■ **PROBLEM TO WORK ON**
Print out each entry below exactly; do not carry over any image.

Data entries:
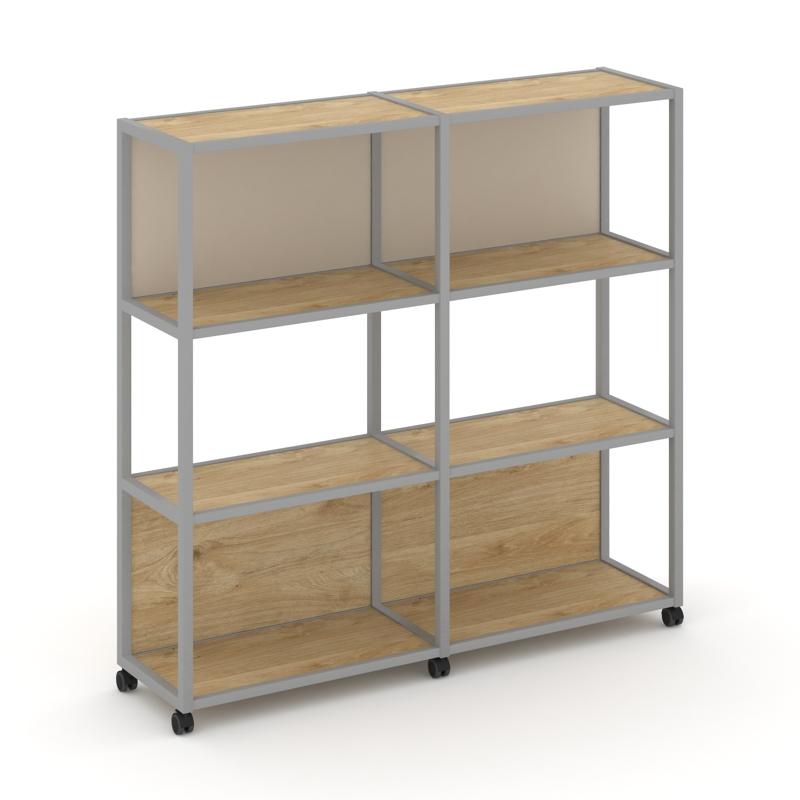 Shelf Mobile Стеллаж 4 уровня 2 секции VR.LT-STK-415.12 Тиквуд Светлый/Металл Серый/W-04 2370*400*1523
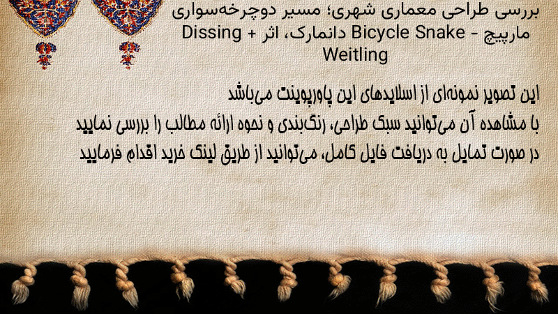 پاورپوینت کامل بررسی طراحی معماری شهری؛ مسیر دوچرخهسواری مارپیچ Bicycle Snake – دانمارک، اثر Dissing + Weitling
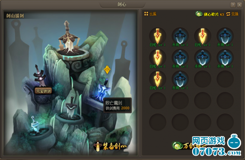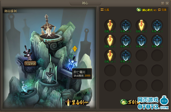 剑山拔剑会有几率拔到剑心的碎片,攒集起来,达到一定数量可以兑换所需的剑心,玩家们可以根据主角和伙伴的属性来选择装备和提升经验,当然想提高战斗力,升级剑心是不可忽略的,不要以为拥有了金色剑心就完事了,提升其等级也是相当的重要。
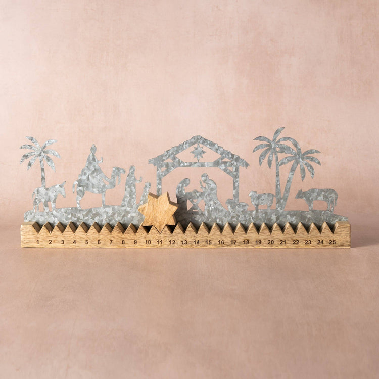 Celebrate the season with this beautifully designed Advent calendar. A mango wood base features numbers 1–25 and a movable star to mark each day. A galvanized metal nativity scene rises in silhouette behind the countdown, blending rustic charm with spiritual tradition. The contrast of natural wood and cool metal gives this piece a timeless look that suits any mantel or tabletop display. A thoughtful gift or heirloom in the making.
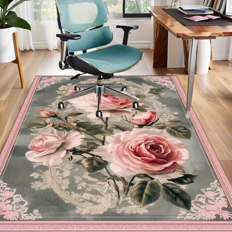Pink RoseFloral RugElegant Flower Pattern Carpet for Bedroom Romantic and Chic Home Decor Anti slip carpet can be machine washed

■ **ANSWER SPACE**
 Shelf Mobile Стеллаж 4 уровня 2 секции VR.LT-STK-415.12 Тиквуд Светлый/Металл Серый/W-04 2370*400*1523
 پاورپوینت کامل بررسی طراحی معماری شهری؛ مسیر دوچرخهسواری مارپیچ Bicycle Snake – دانمارک، اثر Dissing + Weitling
 剑山拔剑会有几率拔到剑心的碎片,攒集起来,达到一定数量可以兑换所需的剑心,玩家们可以根据主角和伙伴的属性来选择装备和提升经验,当然想提高战斗力,升级剑心是不可忽略的,不要以为拥有了金色剑心就完事了,提升其等级也是相当的重要。
 Celebrate the season with this beautifully designed Advent calendar. A mango wood base features numbers 1–25 and a movable star to mark each day. A galvanized metal nativity scene rises in silhouette behind the countdown, blending rustic charm with spiritual tradition. The contrast of natural wood and cool metal gives this piece a timeless look that suits any mantel or tabletop display. A thoughtful gift or heirloom in the making.
Pink RoseFloral RugElegant Flower Pattern Carpet for Bedroom Romantic and Chic Home Decor Anti slip carpet can be machine washed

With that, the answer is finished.